Recruiters for the company visit colleges across the country, but that may not be enough: According to a 2009 study from the Georgetown University Center on Education and the Workforce, college graduates earning degrees in computers and mathematics represented just shy of six percent of all graduates. Of those, only 36,500 of them, or two percent, earned a degree directly related to cybersecurity.
Why is that percentage so low? Kanerva said that many college students who train in Computer Science are attracted to fields other than security, such as software development or computer engineering, which are considered more hip and can sometimes offer six-figure starting salaries. The median salary for a graduate earning a degree in security was $55,000 in 2009 compared to $75,000 for computer engineering. Besides, who can resist the ultra-cool appeal and money-making potential of Silicon Valley?
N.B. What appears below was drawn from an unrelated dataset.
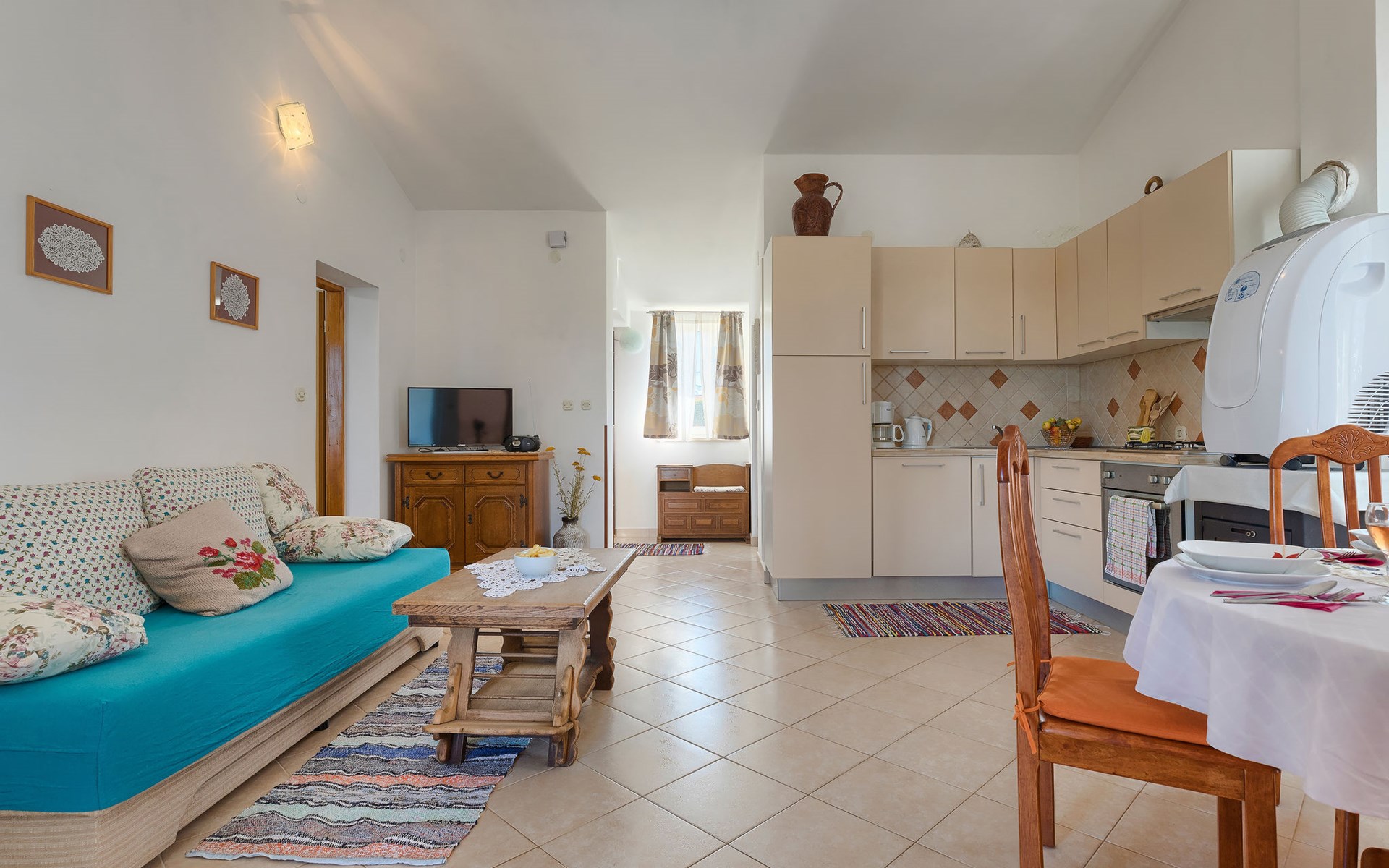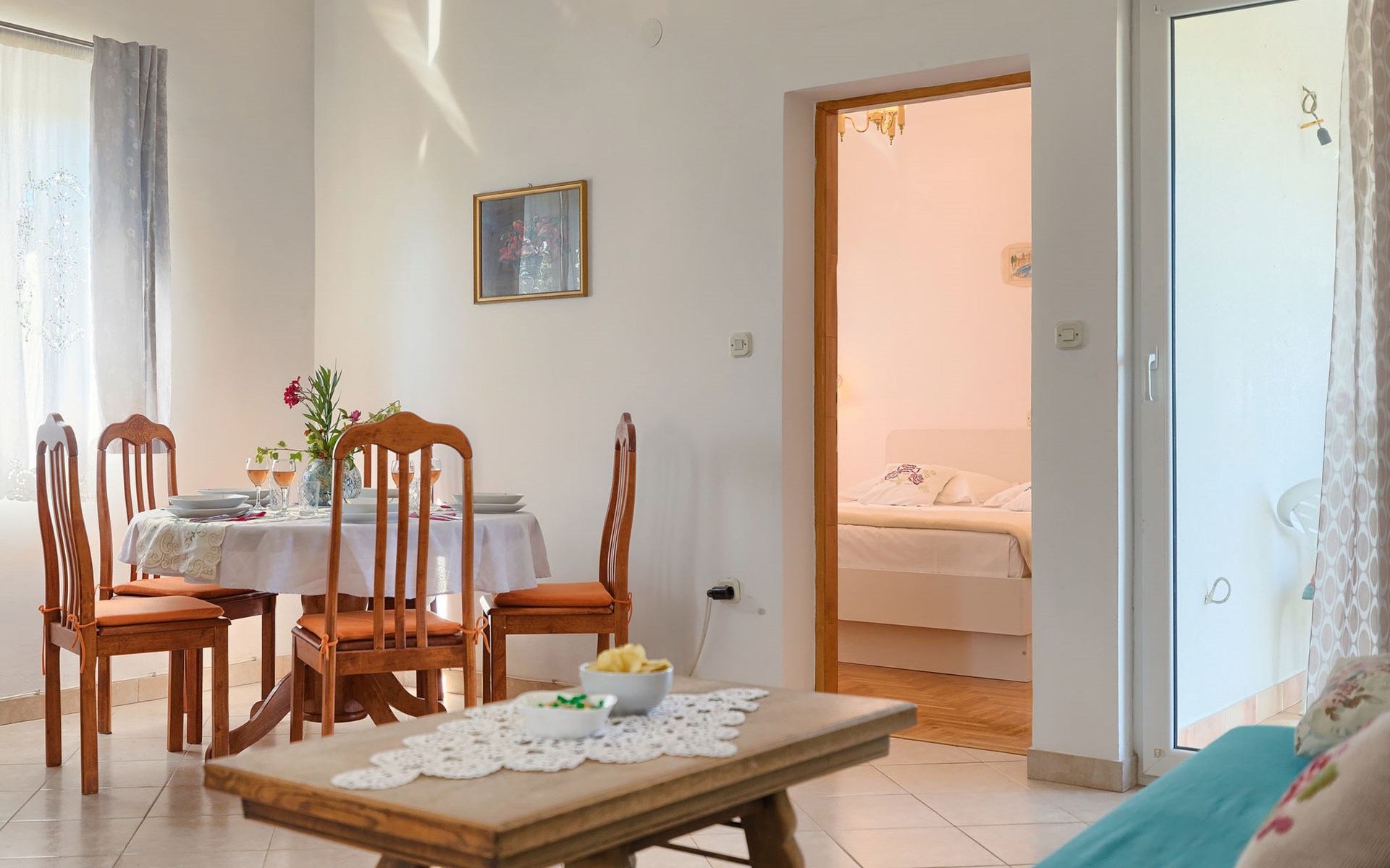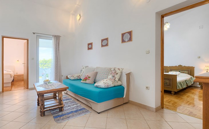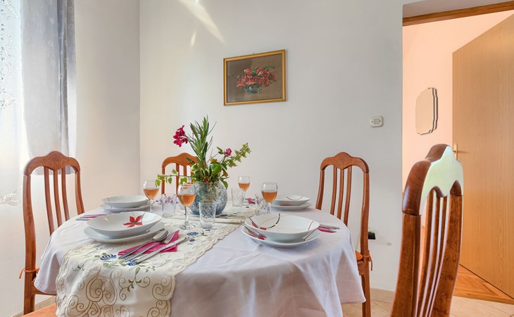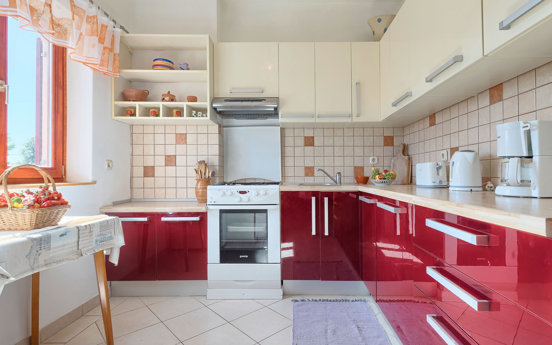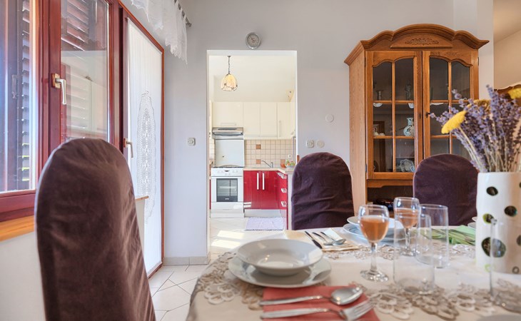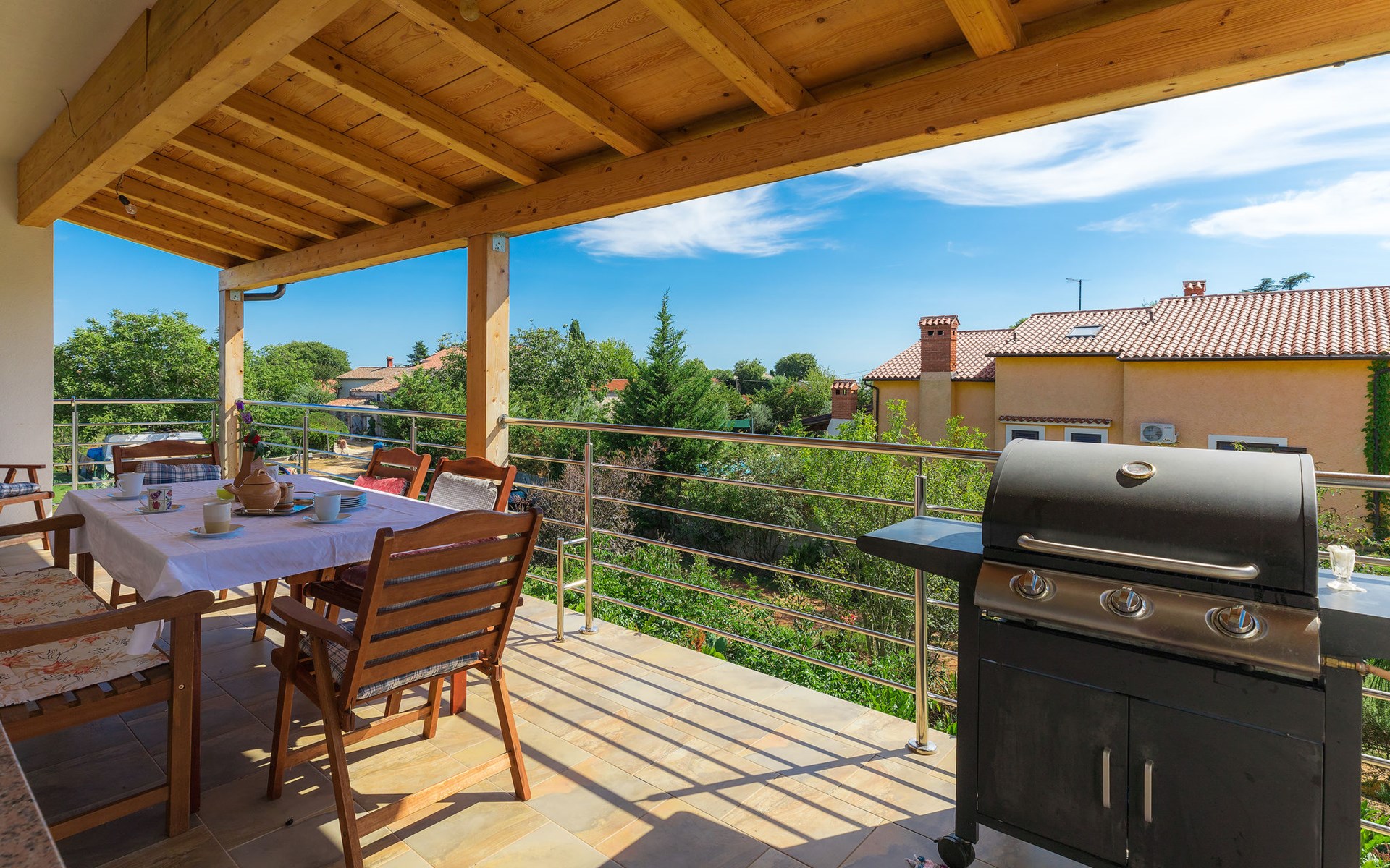Single-family house "Ana Lucija". 500 m from the centre of Muntić, 10 km from the centre of Marčana, 10 km from the centre of Pula, 12 km from the sea, 12 km from the beach. Private: property 1'000 m2, wildlife garden, meadow, swimming pool (9 x 4 m, depth 135 cm, seasonal availability: 01.May. - 07.Oct.) with internal staircase. Paddling pool, table tennis, patio, barbecue. In the house: internet access, washing machine. Parking (for 3 cars) on the premises. Shop 500 m, supermarket 7 km, restaurant 6 km, bus stop 240 m, pebble beach 15 km, rocky beach 12 km. Marina 12 km. Please note: airfield 4 km from the property. Ground floor is closed and not occupied. The house consists of 2 apartments, rented as one unit.

“All of the big corporations – the Googles, the Microsofts, the Oracles – all have offices on campus and they’re in competition one another and with us. It’s difficult to compete with that as a defense contractor or security firm and convince Johnny or Mary to come to central Maryland and work in government.”
The key to training more cybersecurity experts, Kanerva believes, is exposing kids to STEM education – science, technology, engineering and mathematics – as well as add some cybersecurity training in high school.
“I think we need to get kids interested,” said Kanerva. “Kids get basic computer knowledge because they’re video game geeks. They sit at home with a PlayStation 3 and learn the basics without even realizing they’re learning.”
The U.S. government also recognizes the need for more STEM education.